Scolarité

Trop c'est trop : l'injonction à l'effort épuise les ados atypiques

Coach spécialisée dans l'accompagnement des personnes TSA et TDAH, elle-même autiste, Isabelle Coisy* explique pourquoi ce que l'école prend pour de la paresse est souvent le signe d'un cerveau déjà au bout de ses ressources.

Dans la société actuelle, la notion d’effort est élevée au rang de vertu suprême, condition nécessaire à toute réussite. Dès leur entrée à la maternelle, on dit aux enfants qu’ils doivent “bien travailler en classe”, que “tout s’obtient grâce à un travail acharné”, que “la persévérance paie toujours”, que “rien ne s’obtient sans efforts”, et le fameux “si tu veux, tu peux”.

Or, que se passe-t-il quand le “fais un effort” devient une injonction permanente chez l’ado atypique qui, pour s’adapter à son environnement, doit déjà fournir bien plus d’énergie que les autres ?

Conseil de classe, 15h30, un mardi de mars

Nathan, quinze ans, seconde générale. Sa mère est convoquée pour un “point de situation”. Autour de la table, sept professeurs. Le professeur principal ouvre le dossier. “Alors Nathan. Des capacités certaines, on le voit bien. Mais les résultats ne suivent pas. Huit en maths, sept en français, six en histoire. Il ne rend pas tous ses devoirs. Il semble... absent. Déconcentré.”

La professeure de français enchaîne : “Il comprend très vite quand on explique à l’oral. Mais à l’écrit, c’est comme s’il ne pouvait pas restituer. Je ne comprends pas. S’il faisait l’effort de se concentrer, de s’appliquer...”. Le professeur de maths acquiesce : “Pareil. Il a les capacités. Mais on dirait qu’il ne veut pas. Il faut qu’il s’investisse davantage.”

La mère de Nathan ne dit rien. Elle serre les mâchoires. Elle pense aux trois heures que Nathan passe chaque soir sur un devoir qui devrait en prendre 45 minutes. Elle pense aux crises de larmes quand il n’arrive pas à commencer un exercice. Elle pense à son fils qui se traite de “nul”, d’“incapable”, de “paresseux” parce qu’il ne comprend pas pourquoi c’est si difficile pour lui.

Elle pense au diagnostic qu’elle vient de recevoir il y a deux semaines : TDAH. Et au médecin qui lui a dit : “Votre fils ne manque pas de volonté. Son cerveau fonctionne différemment. Ce que les autres font avec cent pour cent d’effort, lui doit le faire avec trois cents pour cent. Et personne ne le voit.”

Le professeur principal conclut : “On compte sur vous pour le remotiver à la maison. Il a le potentiel. Il faut juste qu’il fasse l’effort.”

Le décalage entre ce qu’on voit et ce qui se passe vraiment

Cette scène, je l’ai vécue moi-même il y a quelques mois.

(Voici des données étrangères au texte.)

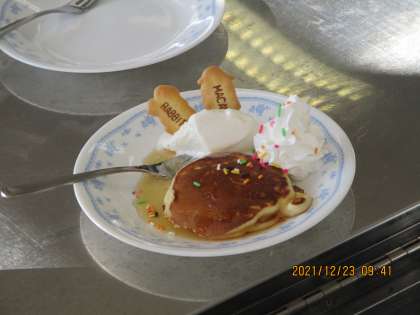 一人一人美味しそうに盛りつけられたホットケーキ。みんなの楽しんでいる様子が伝わってきます。

Ma deuxième fille est rentrée en sixième cette année. Réunion parents-professeurs de rentrée avec mon mari. Nous étions face à deux enseignantes : français et anglais.

L’entretien a commencé sans aucune autre introduction par : “Votre fille est impliquée en classe mais on voit qu’elle manque de travail personnel à la maison. Il va falloir qu’elle s’organise pour travailler plus.” ,“Sinon c’est une excellente élève. Elle se tient bien en classe et fait de son mieux.”

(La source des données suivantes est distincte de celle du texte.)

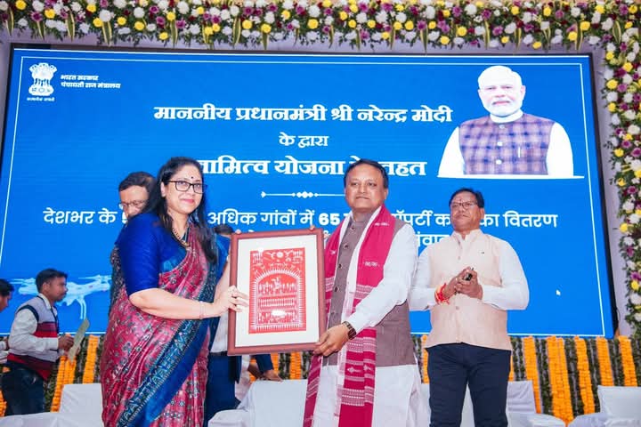 ପରିବାରର ମହିଳାମାନଙ୍କ ନାମ ସମ୍ପତ୍ତି ପତ୍ରରେ ଯୋଡାଯିବା ମହିଳା ସଶକ୍ତିକରଣ ଦିଗରେ ଏହା ଆଉ ଏକ ମାଇଲଖୁଣ୍ଟ”-ମୁଖ୍ୟମନ୍ତ୍ରୀ ରାୟଗଡ:-(ସ୍ବପ୍ର)୧୮/୦୧-ଭାରତର ପ୍ରଧାନମନ୍ତ୍ରୀ ଶ୍ରୀଯୁକ୍ତ ନରେନ୍ଦ୍ର ମୋଦିଙ୍କ ଆଜି ଭିଡିଓ କନଫରେନସିଂ ଜରିଆରେ ସ୍ୱତନ୍ତ୍ର ସ୍ୱାମୀତ୍ୱ ଯୋଜନାର ଇ-ସମ୍ପତି କାର୍ଡ ବିତ୍ତରଣ ଶୁଭାରମ୍ଭ କରିଛନ୍ତି l ଏହି ଯୋଜନାରେ ଭାରତର ୫୦ହଜାର ଗ୍ରାମରୁ ୬୫ଲକ୍ଷ ହିତାଧିକାରୀଙ୍କୁ ଏ ସମ୍ପତି କାର୍ଡ ପାଇବେ l ରାୟଗଡ ଜିଲ୍ଲାରେ ସ୍ୱାମୀତ୍ୱ ଯୋଜନା କାର୍ଯ୍ୟକ୍ରମରେ ମାନ୍ୟବର ମୁଖ୍ୟମନ୍ତ୍ରୀ ଶ୍ରୀଯୁକ୍ତ ମୋହନ ଚରଣ ମାଝୀ ମୁଖ୍ୟ ଅତିଥି ଭାବରେ ଉପସ୍ଥିତ ରହି ରାଜସ୍ୱ ଓ ବିପର୍ଯ୍ୟୟ ପରିଚାଳନା ମନ୍ତ୍ରୀ,ଓଡିଶା ଶ୍ରୀଯୁକ୍ତ ସୁରେଶ ପୂଝIରୀ, ରIୟଗଡ଼ ବିଧାୟକ ଶ୍ରୀ କାଡ୍ରIକl ଆପଲସ୍ୱାମୀ, ଵିଷମ କଟକ ବିଧାୟକ ଶ୍ରୀଯୁକ୍ତ ନୀଳମାଧଵ ହିକକା ଓ ଜିଲ୍ଲାପାଳ ରIୟଗଡ଼ ଶ୍ରୀମତୀ ପାରୁଲ ପଟାୱରୀଙ୍କ ଉପସ୍ଥିତିରେ ହିତାଧିକାରୀ ମାନଙ୍କୁ ଇ-ସମ୍ପତି କାର୍ଡ ପ୍ରଦାନ କରିଛନ୍ତି l

Je voyais tous les sous-titres dans leurs phrases. Le “manque de travail” alors qu’on travaille tous les soirs avec elle pour qu’elle tienne le rythme. Le “il va falloir qu’elle s’organise” comme si c’était une question de volonté. Le “sinon” qui sous-entendait que si les résultats baissaient, ce serait de sa faute.

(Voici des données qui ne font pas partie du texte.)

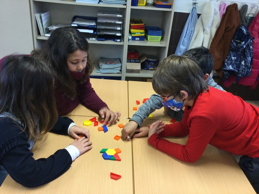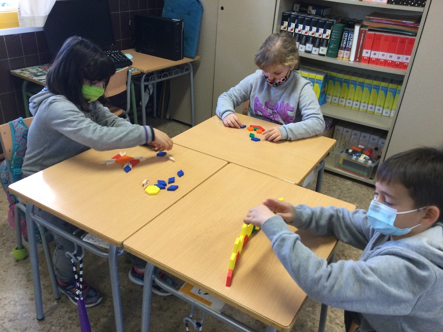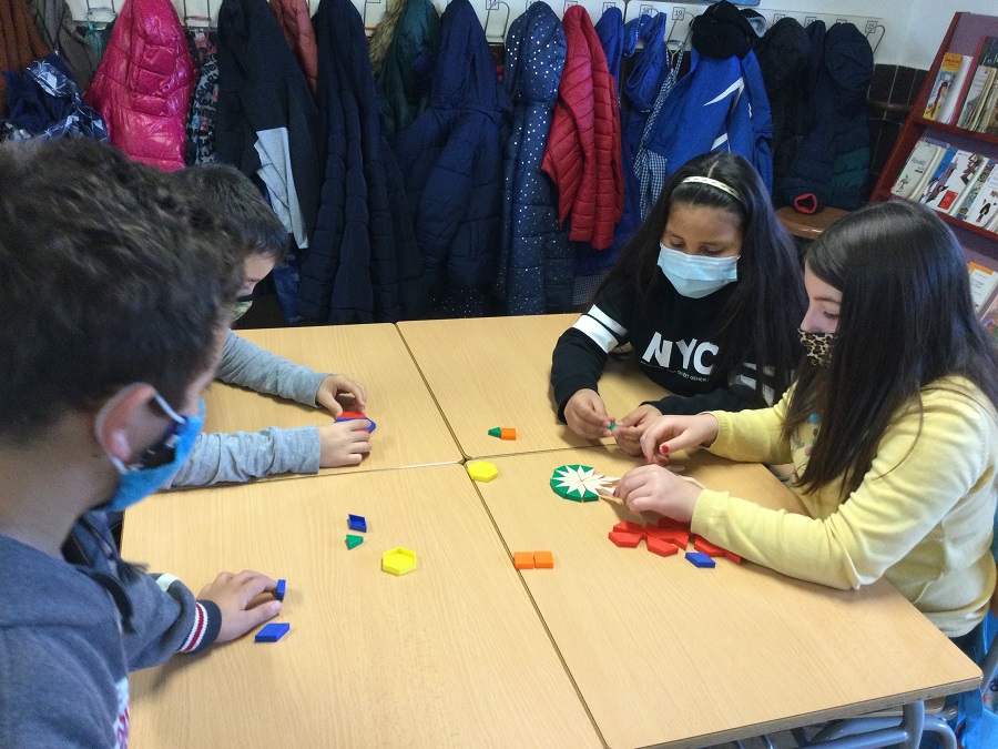 Mosaics amb peces geomètriques. 3r admin04/02/21 Avui a matemàtiques hem fet mosaics amb peces geomètriques i ens ho hem passat molt bé. Han sortit formes molt boniques.

J’aurais aimé qu’on nous laisse nous exprimer. Que je puisse leur dire qu’elles se trompaient, que notre fille déploie déjà une énergie considérable, qu’elle compense en permanence. Même mon mari n’a pas pu en placer une. Et pourtant, quand on le connaît, on se dit qu’il est très difficile de ne pas le laisser parler. Mais elles avaient leur idée. Elles avaient raison. Fin du chapitre.

Mon mari et moi allons donc faire valider son TDAH. Histoire d’avoir de quoi nous justifier si jamais ses difficultés prennent de l’ampleur au fil de sa scolarité. Si on doit en passer par là.

Le fardeau invisible : quand 100% ne suffit jamais

Ce qui unit les profils atypiques - TSA, HPI, troubles Dys, TDAH, hypersensibles - c’est souvent une manière différente de traiter l’information, d’apprendre, d’interagir avec le monde. Et cette différence a un coût énergétique que personne ne mesure.

Là où un ado neurotypique mobilise cent pour cent de ses capacités pour atteindre la réussite scolaire ou sociale, l’ado atypique doit monter le curseur jusqu’à deux cents, voire trois cents pour cent, simplement pour tenter de se conformer aux attentes et paraître normal.

Ce coût se manifeste de multiples façons. Un cerveau TDAH doit mobiliser des ressources cognitives énormes pour maintenir son attention sur une tâche qui n’active pas son système de récompense. Un cerveau autiste doit décoder consciemment ce que les autres traitent automatiquement : les expressions faciales, les tons de voix, les sous-entendus, les règles implicites. Un cerveau dyslexique doit compenser en permanence pour transformer des symboles qui dansent en mots qui font sens.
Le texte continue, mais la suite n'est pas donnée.